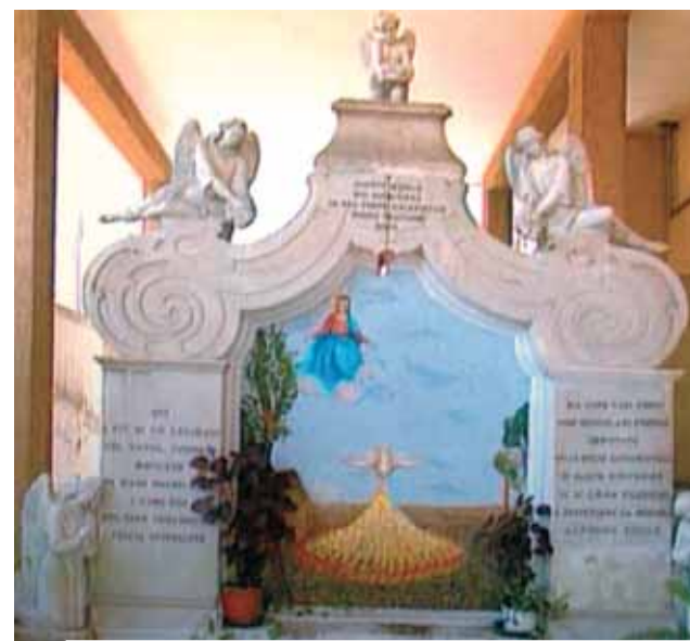
Pierre tombale érigée à l'endroit où furent trouvées les Hosties
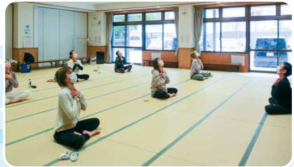
ママのためのヨガ教室
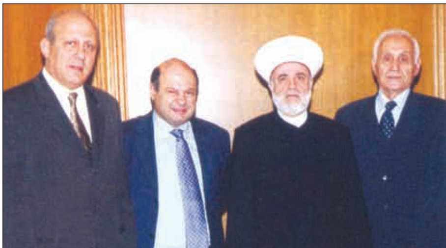
β w Á H E I x Á q X E F I
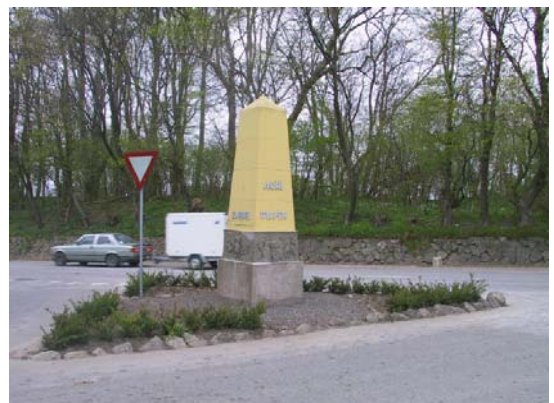
Molbostøtten – en obelisk med relieffer af fire molbohistorier – er placeret ved indkørslen til Knebel. Den lokale købmand sælger en molsvin og bidrager til vedligeholdelse af Molbostøtten ved foden af Nationalpark Mols Bjerge

og en indsamling til formålet har nu resulteret i små 35.000 kr. så nu er restaureringen en realitet. Den lokale købmand sælger en molsvin, hvor etiketten har lokalt motiv og
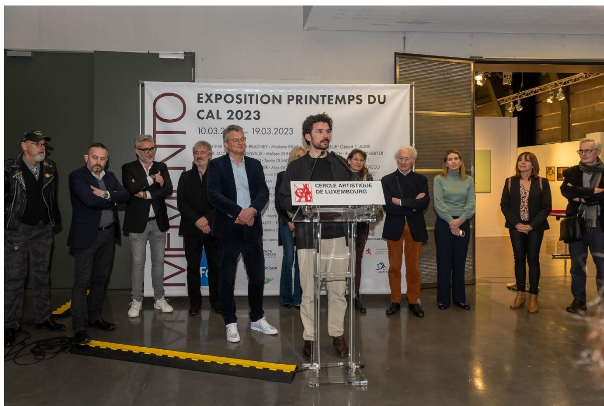
Vernissage de l'Expo Printemps 2023 au Tramsschapp

L'Expo Printemps « Memento » 2023 s'est déroulée au Tramsschapp, Limpertsberg, du 11 au 19 mars 2023. Le vernissage a eu lieu le vendredi 10 mars 2023.
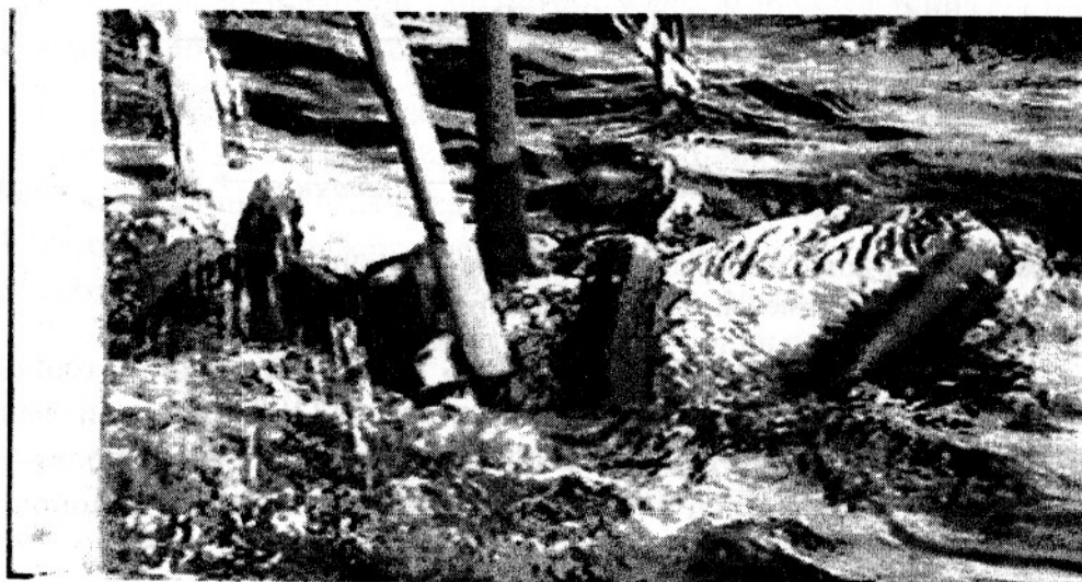
Рис. 2. Антарктический клыкач в «объятиях» глубоководного кальмара.

характерная для Mesonychoteuthis hamiltoni .
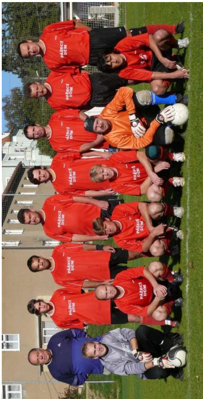
Fotbalisté SKP Vranov nad Dyjí
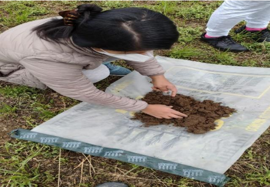
Mezcla de la submuestras para análisis De suelo del campo experimental.
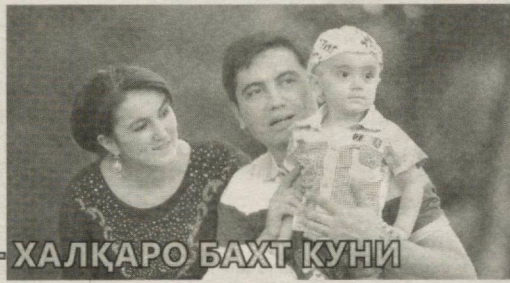
— ХАЛҚАРО БАХТ КУНИ

“ОДДИЙ одамлар бугунги кунда бўлаётган ўзгаришларни сезиши керак. Улар эртага эмас, бугун яхши яшашни истади. Уларга бугун яхши шароит яратиб беришимиз лозим. Барча амалга ошираётган ишларимиздан кўзланган мақсад-муддао халқимизнинг бахту саодатидир”. Президентимиз Шавкат Мирзиёев давлат раҳбари сифатида фаолият бошлаганидан оқибатда ана шу ҳаққоний талабни илгари сурди.
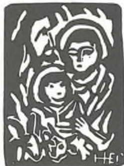
Cyril Heindl, Svatá rodina Linoryt ( 1987 )
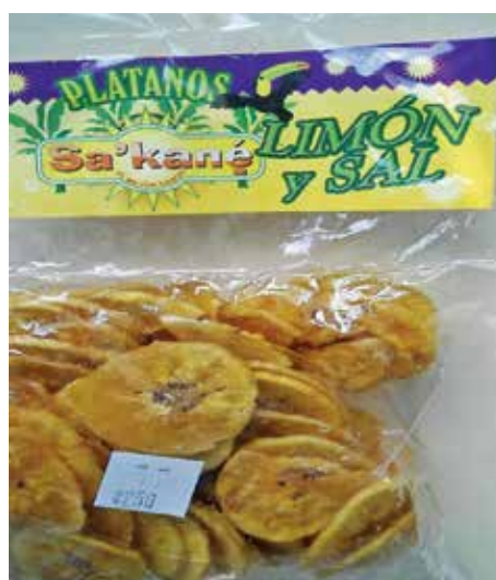
Nuevo empaque utilizado por la Cooperativa Coopetsiola.

el 2014 se estableció un centro de acopio de arroz en Shuabb.
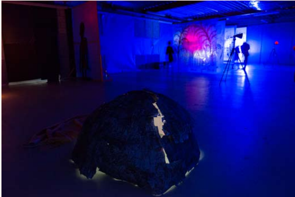
'In space, no one can hear you scream' Installatie in Loods 32 2013
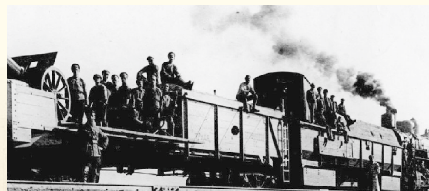
Бронепоезд № 8 НРА, 22 февраля 1922 г. С этого бронепоезда 12 февраля был дан сигнал — 3 выстрела — к финальному штурму Волочаевки.
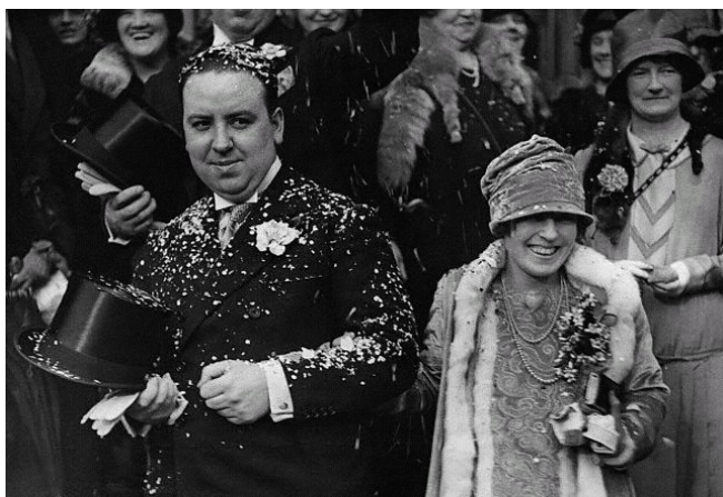
Свадьба Альфреда Хичкока и Альмы Ревиль (2 декабря 1926 года).

Этот брак стал также плодотворным творческим союзом. Альфред и Альма понимали и разделяли взгляды друг друга. Через полтора года у супругов родилась дочь Патриция. Жизнь Фреда всегда определяли женщины: сначала мать, потом жена, а теперь и дочь. Но с актрисами он строил отношения по иным, кинематографическим правилам. Место режиссера позволяло Альфреду иметь такую власть над ними, которая в другой ситуации была бы невозможна. Он контролировал их работу, что давало
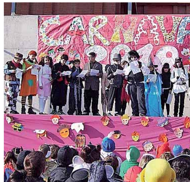
Festa i convivència entre els diferents cursos.
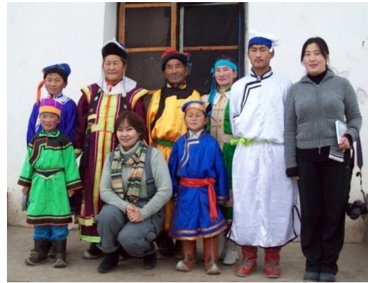
현장연구팀과 함께 한 보유자들
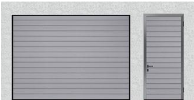
Small Rib kapea vaakaurakuvio
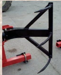
Zange für Ballen \varnothing > 1,60\text{ m} (réf. A809)
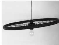
Van niets iets maken!

Ik ben van mening dat je naast de lessen enorm veel leert in de praktijk. Je leert werken in een team maar ook zelfstandig. In de lessen kregen we naast de theorie ook veel praktijk. Kortom, wat ik geleerd heb van de opleiding is toch wel werken voor een opdrachtgever, van niets iets maken en ontwikkelen van de creativiteit.
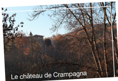
Le château de Crampagna

Le château de Crampagna est inscrit au titre des monuments historiques. Initié au XIII e siècle, l'édifice est aujourd'hui une propriété privée qui se visite, notamment lors des journées du patrimoine. Il offre un point de vue exceptionnel sur la vallée de l'Ariège.
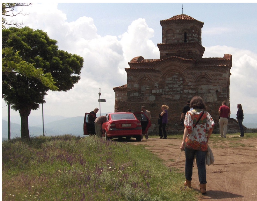
Сл. 3: Обилазак споменика културе, Латинска црква у Горњем Матејевцу Fig. 3: Visit to the cultural monuments, the Latin Church in Gornji Matejevac

и културно обједињени. Зато није чудно, што је, од оног тренутка када је у Нишу рођен свети цар Константин, уз име града додат, бележе стари хроничари, данас помало заборављен епитет славни , који му поново враћају својим присуством и сазнањима еминентни истраживачи.
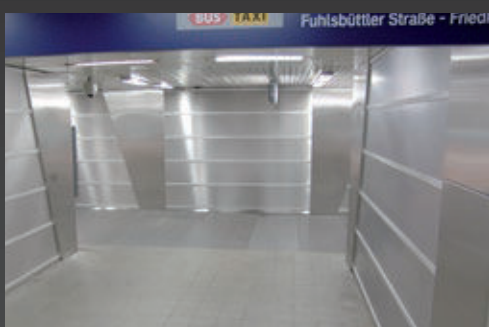
Antivandálico en espacios abiertos al público
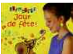
Pour les 4 à 8 ans

Sur le terrain de soccer, les jumeaux s'affrontent. Fou-Fou voudrait bien être un champion, mais le ballon court après lui! Coco, elle, joueuse très douée, marque buts sur buts, tout comme son papa un ancien joueur professionnel... Qui gagnera cette partie loufoque et hallucinante?
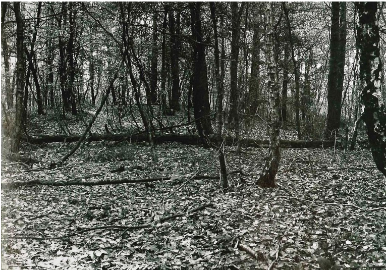
Südwestlicher Grabhügel auf dem Ennert in Bonn im Jahr 1978
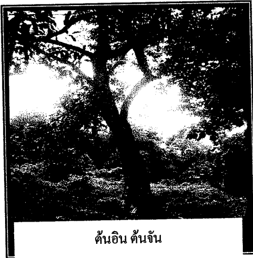
ต้นอิน ต้นจัน

บริเวณต้นอิน ต้นจัน มีลักษณะเป็นลานราบกว้าง กล่าวกันว่าเป็นลานไว้เล่นสกา ซึ่งเกมกีฬาที่พระองค์ท่าน ทรงโปรดปรานในขณะนั้น และลานที่ใช้สกาเป็นที่มาของ คำว่าลานสกาจวบจนปัจจุบัน
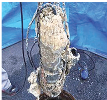
油がこびりついたポンプ

台所の流しに油を流すと下水道管の内側で固まって詰まりを引き起こします。下水道管が詰まると、悪臭が発生するだけでなく汚水が逆流して排水口からあふれ出ることもあります。
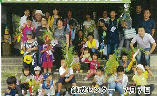
錬成センター 7月7日
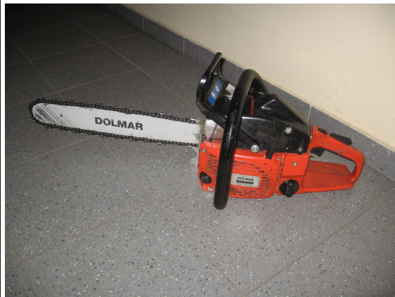
aktuelle Motorsäge vom RW-1
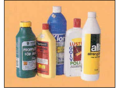
Maaddooyinka-Nadaafadda waa inaan la raacinin bacda-qashinka ama biyaha musqulaha.

S awirada soo socda waxa ay ku tusinayaan qashimada sunta ah ee guryaha ka soo baxi kara kuwaas oo halis ku ah noloshu dadka, xayawaanka iyo degaanka dabiiciga ah, haddii aanan si habboon loo xanaaney.
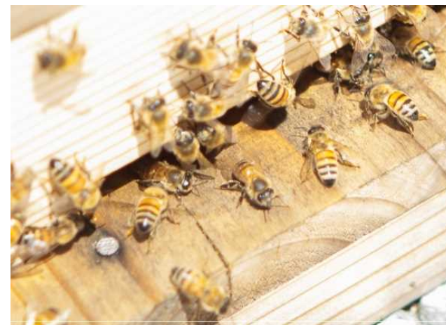
蜜蜂(セイヨウミツバチ)
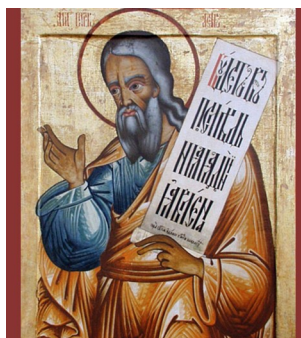
Prophète Isaïe Ancien Testament

Avec Jésus, nous assistons à la réalisation progressive des prophéties d'Isaïe. C'est cette bonne nouvelle qui est annoncée à Jean Baptiste. Ce dernier a été incarcéré car il gênait les autorités en place. Du fond de sa prison, il réfléchit. Il se pose beaucoup de questions sur Jésus. Ce qu'il entend dire de lui ne correspond pas à ce qu'il avait annoncé ; il profite d'un parloir pour demander à ses fidèles disciples d'aller lui poser la question la plus importante : « Es-tu celui qui doit venir ou devons-nous en attendre un autre ? » [...]
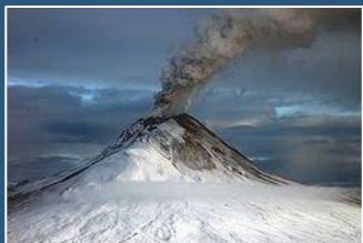
Augustine alaszkaí aktív vulkán

heti. A cégbíróság eljárási cselekményeit tekintve az eljárás során felhívja a hitelezőket, az egyéb érdekelteket, a tagokat és a vezető tisztségviselőket a cég vagyonával kapcsolatos adatok közlésére, valamint dönt a cég megszüntetéséről vagy felszámolási eljárás kezdeményezéséről . A döntési jogosítványok azonban korlátozottak abban az aspektusban, hogy a cégbíróság nem csupán a kényszertörlési eljárás megindítására, hanem annak lefolytatására is köteles, így nem határozhat az eljárás megszüntetéséről.
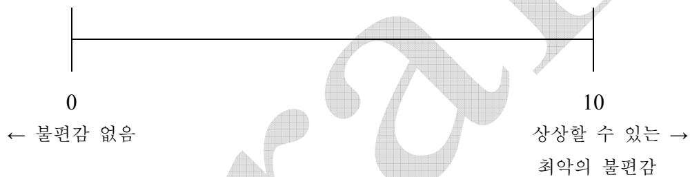
표 2. VAS scoring system 판단 예시
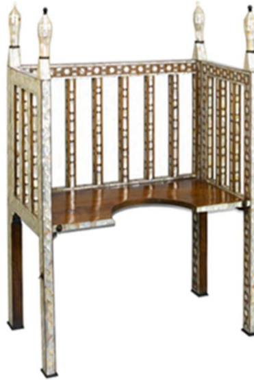
Resim 6. Doğum İskemlesi (TSM, nr,12/175) (İsmail Ediz, Büyük İstanbul Tarihi , C.4, İstanbul, s. 472)

gerçekleştirdiği, bazen şarkıcılar, rakkaselerin doğum sancısı çeken anne adayını oyalamak üzere içeri alınır. Doğum zor bir olaydan çok kutlama gibi yaşanır. Bebek doğar doğmaz sütannenin kucağına verilir. Haberi saraya kızlar duyururdu. Sarayın her dairesi bebek erkeğe beş, kıza üç koç, kurban edilirdi. Ayrıca erkek için yedi pare kız için üç pare top atılır bu atışlar her namaz vakti tekrarlanmak üzere gerçekleştirilirdi. Valide sultan ve sadrazam kabuller düzenler, bebeğe lohusaya ve harem ileri gelen kadınlara kıymetli hediyeler verilir. (Özbilgen 2004: 524). Değerli taşlarla süslü nadide beşikler Şehzade Beşiği ( Resim 7 ) ve ipek yorganlar saraylı bebekler için hazırlanırdı. Harem ışıklı ve renk cümbüşüne dönüşür, bir hafta süren doğum kutlamaları boyunca haremde hareketlilik yaşanır. İçeride olduğu gibi dış mekânlar da fenerler, lambalar, meşaleler ile aydınlatılırdı.(Aksoy Croutier, 2009: 108-109)

——————

YOUR GOAL
Exactly as written, restate the listing above with its pictures omitted.

REPLY
Pierre tombale érigée à l'endroit où furent trouvées les Hosties
ママのためのヨガ教室
β w Á H E I x Á q X E F I
Molbostøtten – en obelisk med relieffer af fire molbohistorier – er placeret ved indkørslen til Knebel. Den lokale købmand sælger en molsvin og bidrager til vedligeholdelse af Molbostøtten ved foden af Nationalpark Mols Bjerge

og en indsamling til formålet har nu resulteret i små 35.000 kr. så nu er restaureringen en realitet. Den lokale købmand sælger en molsvin, hvor etiketten har lokalt motiv og
Vernissage de l'Expo Printemps 2023 au Tramsschapp

L'Expo Printemps « Memento » 2023 s'est déroulée au Tramsschapp, Limpertsberg, du 11 au 19 mars 2023. Le vernissage a eu lieu le vendredi 10 mars 2023.
Рис. 2. Антарктический клыкач в «объятиях» глубоководного кальмара.

характерная для Mesonychoteuthis hamiltoni .
Fotbalisté SKP Vranov nad Dyjí
Mezcla de la submuestras para análisis De suelo del campo experimental.
— ХАЛҚАРО БАХТ КУНИ

“ОДДИЙ одамлар бугунги кунда бўлаётган ўзгаришларни сезиши керак. Улар эртага эмас, бугун яхши яшашни истади. Уларга бугун яхши шароит яратиб беришимиз лозим. Барча амалга ошираётган ишларимиздан кўзланган мақсад-муддао халқимизнинг бахту саодатидир”. Президентимиз Шавкат Мирзиёев давлат раҳбари сифатида фаолият бошлаганидан оқибатда ана шу ҳаққоний талабни илгари сурди.
Cyril Heindl, Svatá rodina Linoryt ( 1987 )
Nuevo empaque utilizado por la Cooperativa Coopetsiola.

el 2014 se estableció un centro de acopio de arroz en Shuabb.
'In space, no one can hear you scream' Installatie in Loods 32 2013
Бронепоезд № 8 НРА, 22 февраля 1922 г. С этого бронепоезда 12 февраля был дан сигнал — 3 выстрела — к финальному штурму Волочаевки.
Свадьба Альфреда Хичкока и Альмы Ревиль (2 декабря 1926 года).

Этот брак стал также плодотворным творческим союзом. Альфред и Альма понимали и разделяли взгляды друг друга. Через полтора года у супругов родилась дочь Патриция. Жизнь Фреда всегда определяли женщины: сначала мать, потом жена, а теперь и дочь. Но с актрисами он строил отношения по иным, кинематографическим правилам. Место режиссера позволяло Альфреду иметь такую власть над ними, которая в другой ситуации была бы невозможна. Он контролировал их работу, что давало
Festa i convivència entre els diferents cursos.
현장연구팀과 함께 한 보유자들
Small Rib kapea vaakaurakuvio
Zange für Ballen \varnothing > 1,60\text{ m} (réf. A809)
Van niets iets maken!

Ik ben van mening dat je naast de lessen enorm veel leert in de praktijk. Je leert werken in een team maar ook zelfstandig. In de lessen kregen we naast de theorie ook veel praktijk. Kortom, wat ik geleerd heb van de opleiding is toch wel werken voor een opdrachtgever, van niets iets maken en ontwikkelen van de creativiteit.
Le château de Crampagna

Le château de Crampagna est inscrit au titre des monuments historiques. Initié au XIII e siècle, l'édifice est aujourd'hui une propriété privée qui se visite, notamment lors des journées du patrimoine. Il offre un point de vue exceptionnel sur la vallée de l'Ariège.
Сл. 3: Обилазак споменика културе, Латинска црква у Горњем Матејевцу Fig. 3: Visit to the cultural monuments, the Latin Church in Gornji Matejevac

и културно обједињени. Зато није чудно, што је, од оног тренутка када је у Нишу рођен свети цар Константин, уз име града додат, бележе стари хроничари, данас помало заборављен епитет славни , који му поново враћају својим присуством и сазнањима еминентни истраживачи.
Antivandálico en espacios abiertos al público
Pour les 4 à 8 ans

Sur le terrain de soccer, les jumeaux s'affrontent. Fou-Fou voudrait bien être un champion, mais le ballon court après lui! Coco, elle, joueuse très douée, marque buts sur buts, tout comme son papa un ancien joueur professionnel... Qui gagnera cette partie loufoque et hallucinante?
Südwestlicher Grabhügel auf dem Ennert in Bonn im Jahr 1978
ต้นอิน ต้นจัน

บริเวณต้นอิน ต้นจัน มีลักษณะเป็นลานราบกว้าง กล่าวกันว่าเป็นลานไว้เล่นสกา ซึ่งเกมกีฬาที่พระองค์ท่าน ทรงโปรดปรานในขณะนั้น และลานที่ใช้สกาเป็นที่มาของ คำว่าลานสกาจวบจนปัจจุบัน
油がこびりついたポンプ

台所の流しに油を流すと下水道管の内側で固まって詰まりを引き起こします。下水道管が詰まると、悪臭が発生するだけでなく汚水が逆流して排水口からあふれ出ることもあります。
錬成センター 7月7日
aktuelle Motorsäge vom RW-1
Maaddooyinka-Nadaafadda waa inaan la raacinin bacda-qashinka ama biyaha musqulaha.

S awirada soo socda waxa ay ku tusinayaan qashimada sunta ah ee guryaha ka soo baxi kara kuwaas oo halis ku ah noloshu dadka, xayawaanka iyo degaanka dabiiciga ah, haddii aanan si habboon loo xanaaney.
蜜蜂(セイヨウミツバチ)
Prophète Isaïe Ancien Testament

Avec Jésus, nous assistons à la réalisation progressive des prophéties d'Isaïe. C'est cette bonne nouvelle qui est annoncée à Jean Baptiste. Ce dernier a été incarcéré car il gênait les autorités en place. Du fond de sa prison, il réfléchit. Il se pose beaucoup de questions sur Jésus. Ce qu'il entend dire de lui ne correspond pas à ce qu'il avait annoncé ; il profite d'un parloir pour demander à ses fidèles disciples d'aller lui poser la question la plus importante : « Es-tu celui qui doit venir ou devons-nous en attendre un autre ? » [...]
Augustine alaszkaí aktív vulkán

heti. A cégbíróság eljárási cselekményeit tekintve az eljárás során felhívja a hitelezőket, az egyéb érdekelteket, a tagokat és a vezető tisztségviselőket a cég vagyonával kapcsolatos adatok közlésére, valamint dönt a cég megszüntetéséről vagy felszámolási eljárás kezdeményezéséről . A döntési jogosítványok azonban korlátozottak abban az aspektusban, hogy a cégbíróság nem csupán a kényszertörlési eljárás megindítására, hanem annak lefolytatására is köteles, így nem határozhat az eljárás megszüntetéséről.
표 2. VAS scoring system 판단 예시
Resim 6. Doğum İskemlesi (TSM, nr,12/175) (İsmail Ediz, Büyük İstanbul Tarihi , C.4, İstanbul, s. 472)

gerçekleştirdiği, bazen şarkıcılar, rakkaselerin doğum sancısı çeken anne adayını oyalamak üzere içeri alınır. Doğum zor bir olaydan çok kutlama gibi yaşanır. Bebek doğar doğmaz sütannenin kucağına verilir. Haberi saraya kızlar duyururdu. Sarayın her dairesi bebek erkeğe beş, kıza üç koç, kurban edilirdi. Ayrıca erkek için yedi pare kız için üç pare top atılır bu atışlar her namaz vakti tekrarlanmak üzere gerçekleştirilirdi. Valide sultan ve sadrazam kabuller düzenler, bebeğe lohusaya ve harem ileri gelen kadınlara kıymetli hediyeler verilir. (Özbilgen 2004: 524). Değerli taşlarla süslü nadide beşikler Şehzade Beşiği ( Resim 7 ) ve ipek yorganlar saraylı bebekler için hazırlanırdı. Harem ışıklı ve renk cümbüşüne dönüşür, bir hafta süren doğum kutlamaları boyunca haremde hareketlilik yaşanır. İçeride olduğu gibi dış mekânlar da fenerler, lambalar, meşaleler ile aydınlatılırdı.(Aksoy Croutier, 2009: 108-109)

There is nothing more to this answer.